4.1.3   In Bezug auf Therapiemöglichkeiten des Knies ist deshalb nicht verständlich, wenn der Beschwerdeführer beschwerdeweise die Feststellung beantragt, wonach von der Fortsetzung der ärztlichen Behandlung eine namhafte Besserung des Gesundheitszustandes zu erwarten sei (Urk. 1 S. 2). Nachdem sämtliche Ärzte - gar die vom Beschwerdeführer selber beauftragten - die Möglichkeit einer namhaften Besserung des Gesundheitszustands ausdrücklich verneint haben, erübrigen sich weitere Ausführungen zum beschwerdeführerischen Antrag und insbesondere auch zur Zulässigkeit eines Feststellungsbegehrens.
4.2
4.2.1   Auch in Bezug auf die Kausalität der Rückenbeschwerden zu dem das linke Knie betreffenden Unfall sind sich die Ärzte einig. Dr. I.___ sah bereits nach der erstmaligen Thematisierung der Rückenschmerzen und nach Einsicht in die Computertomographie-Bilder vom 25. März 2002 einen Zusammenhang zur Knieproblematik als nicht gegeben (Urk. 10/22 S. 3). Dr. H.___ schloss sich in der Folge dieser Ansicht an, obwohl er einen Zusammenhang nicht generell als unmöglich erachtete (Urk. 10/26). Dr. L.___ sprach gar von einem klar degenerativen Prozess ohne Zusammenhang zur Verletzung am linken Knie (Urk. 10/75), währenddem Dr. N.___ einen Zusammenhang bloss für möglich erachtete, nicht aber für überwiegend wahrscheinlich. Die Dres. J.___ und K.___ enthielten sich einer diesbezüglichen Einschätzung (Urk. 10/70-71).
4.2.2   Der vom Beschwerdeführer beauftragte Dr. Q.___ stellte die Rückenbeschwerden nicht in einen Zusammenhang mit der Knieschädigung, sondern erachtete es als wahrscheinlich, dass die Rückenschmerzen Spätfolgen eines Verhebeereignisses mit Lumbago vom Mai 2001 seien (Urk. 27/3 S. 2). Abgesehen davon, dass ein Verhebetrauma keinen Unfall im Rechtssinne darstellt, entspricht es im Bereich des Unfallversicherungsrechts einer medizinischen Erfahrungstatsache, dass praktisch alle Diskushernien bei Vorliegen degenerativer Bandscheibenveränderungen entstehen und ein Unfallereignis nur ausnahmsweise, unter besonderen Voraussetzungen, als eigentliche Ursache in Betracht fällt. Als weitgehend unfallbedingt kann eine Diskushernie betrachtet werden, wenn das Unfallereignis von besonderer Schwere und geeignet war, eine Schädigung der Bandscheibe herbeizuführen, und die Symptome der Diskushernie (vertebrales oder radikuläres Syndrom) unverzüglich und mit sofortiger Arbeitsunfähigkeit auftreten. Wird die Diskushernie durch den Unfall lediglich ausgelöst, nicht aber verursacht, übernimmt die Unfallversicherung den durch das Unfallereignis ausgelösten Beschwerdeschub, spätere Rezidive dagegen nur, wenn eindeutige Brückensymptome gegeben sind (Urteil des Eidgenössischen Versicherungsgerichts in Sachen E. vom 12. Februar 2004, U 185/03, Erw. 3.1 mit zahlreichen weiteren Hinweisen).

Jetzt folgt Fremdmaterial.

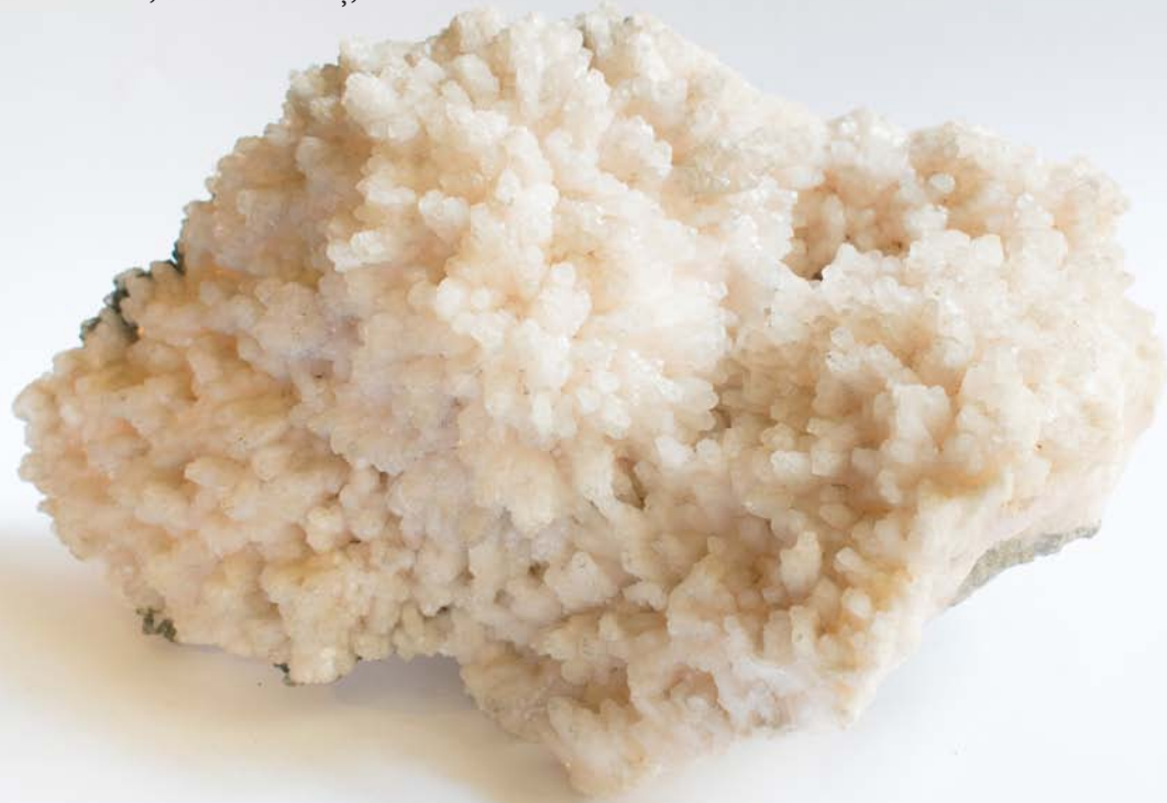
3256 Calcit roz, Baia de Arieș, AB
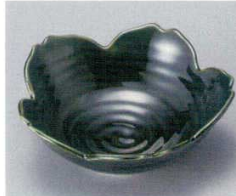
08015-319 オリベ桜鉢 1,200円 50入(14.5×5cm)
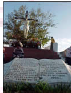
Junto al Cristo de San Isidro -a pocos metros de donde se perpetró una masacre- Quillota recuerda al Padre Llidó con este mensaje inscrito en un libro de mármol.
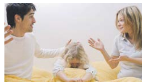
В решении вопроса о месте жительства детей после развода их родители принимают участие органы опеки и попечительства

Таким образом, если между родителями не достигнуто соглашение о месте проживания ребенка после развода, они имеют право обратиться в районный суд с соответствующим исковым заявлением.
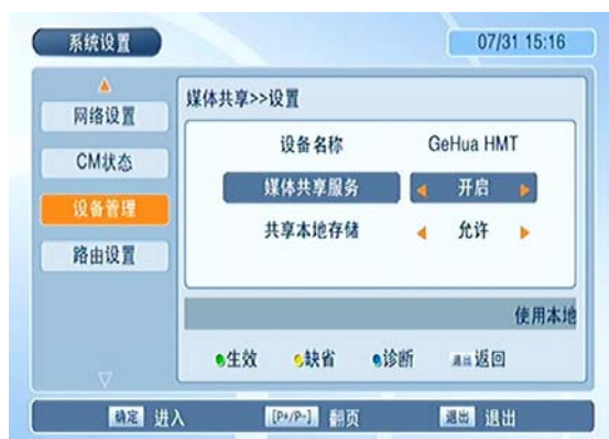
图 3 媒体共享设置
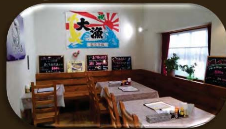
店内はカフェ風 全席イス席です
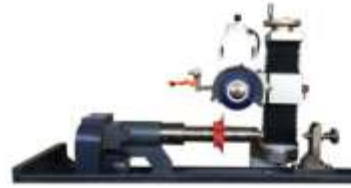
Opsiyonel Motorize Divizör Aparatı
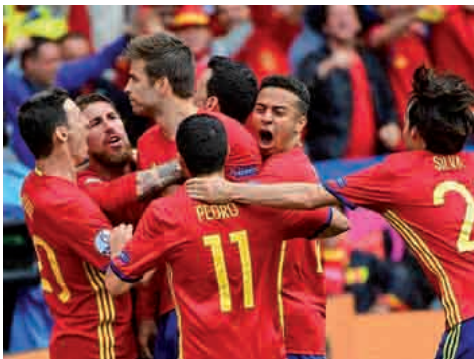
Piqué celebrando un gol en la pasada Eurocopa ante República Checa

al mundo del fútbol, primero con un extraño Barça-Las Palmas a puerta cerrada, después a través de la suspensión del Nàstic-Barcelona B, y, por último y no por ello menos relevante, con las declaraciones de Gerard Piqué. El central barcelonés volvió a demostrar que, para lo bueno y también lo malo, es un futbolista diferente. Su comparecencia ante los medios de comunicación, a petición propia, para 'mojarse' públicamente sobre los acontecimientos del 1 de octubre ha

         Weiter setzte sich Dr. Q.___ mit keinem Wort mit den begründeten Einschätzungen der übrigen Ärzte auseinander und wies gar nicht auf die Möglichkeit einer degenerativen Problematik hin. Schliesslich sprach auch er nicht von einer überwiegenden Wahrscheinlichkeit des Zusammenhangs eines Unfalls mit den Rückenproblemen.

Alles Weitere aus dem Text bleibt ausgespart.